On Wednesday, February 29, in London, the IASB and the FASB each voted for different income statement models on Leasing. Both boards’ decisions result in the same expense curves over time (flat for real estate, front-loaded for gear). However, FASB’s is based on an “interest-based amortization method,” under which leases that transfer substantially all of the risks and rewards of the risked asset would be accounted for under a right of use model. IASB’s is based on “underlying asset values,” which would recognize leases on the balance sheet at the present value of the expected lease payments, just like the FASB, but the right of use asset would be amortized based on the estimated consumption of the value of the underlying lease asset. In other words, companies would need to devise a formula for the estimated percentage of consumption and then apply that to the fair value of the underlying asset to represent the lease expense in any period. The higher the estimated rate of consumption, the more the income statement looks like a purchase and a financing, similar to owning, but it’s proportionate. The lower the rate of consumption, the more the income statement effects would resemble a straight-line pattern. Leslie Seidman, FASB Chair, says no worries, we’ll work it out. Seidman does not believe the disagreement with IASB will greatly delay their already delayed project on leasing standards. She said. “To me that is not a material delay.”

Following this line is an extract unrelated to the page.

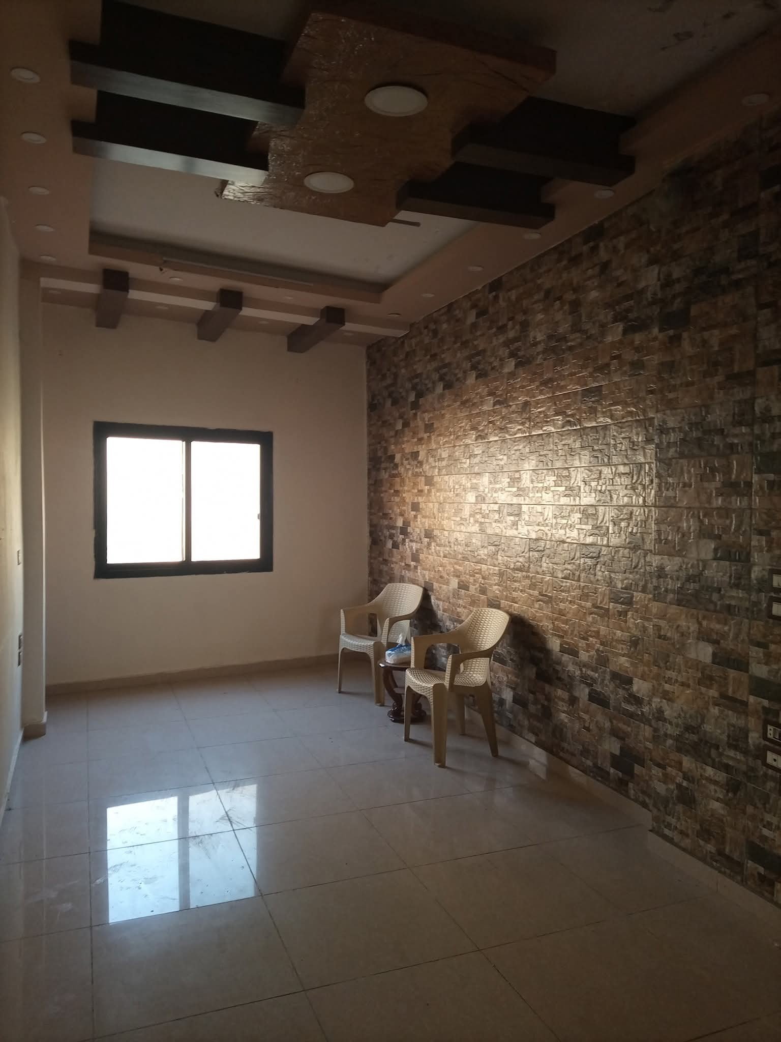 # للاجار شقة فاضية طابق اول فني ٣ نوم وصالون ومنافع اكساء ممتاز

Oracle has been closely following the Accounting Convergence projects initiated by the boards of FASB and IASB since the inception in 2002. Oracle is also an active member of the IT Company Discussion Group.
One of the key projects is to synchronize the accounting standards for Leases across US GAAP and IAS. The stated objective is to bring all assets and liabilities relating to the lease onto the balance sheets for lessors, lessees, landlords and tenants.
This proposed change could impact Oracle’s customers who engage in providing leases to their customers (Captive Lessors, Bank Lessors, Independent Lessors, Commercial or Retail Landlords) or those who use assets through a lease arrangement (Equipment Lessees, Commercial or Retail Tenants). The products in Oracle’s E-Business Suite we have identified for analyzing the impact of the proposed standards are Oracle Lease & Finance Management (for equipment lessors), Oracle Assets / Oracle Payables (for equipment lessees) and Oracle Property Manager (for real estate landlords and tenants).
An exposure draft for Lease Accounting was issued in 2010. Currently the boards are deliberating on the feedback received. The boards plan to issue a revised exposure draft in the summer of 2012.
Oracle has been working with many customers in various industries (e.g., financial services, restaurants, insurance companies, and telecommunications) and sharing our updates with them from Oracle Development on Lease Accounting Convergence.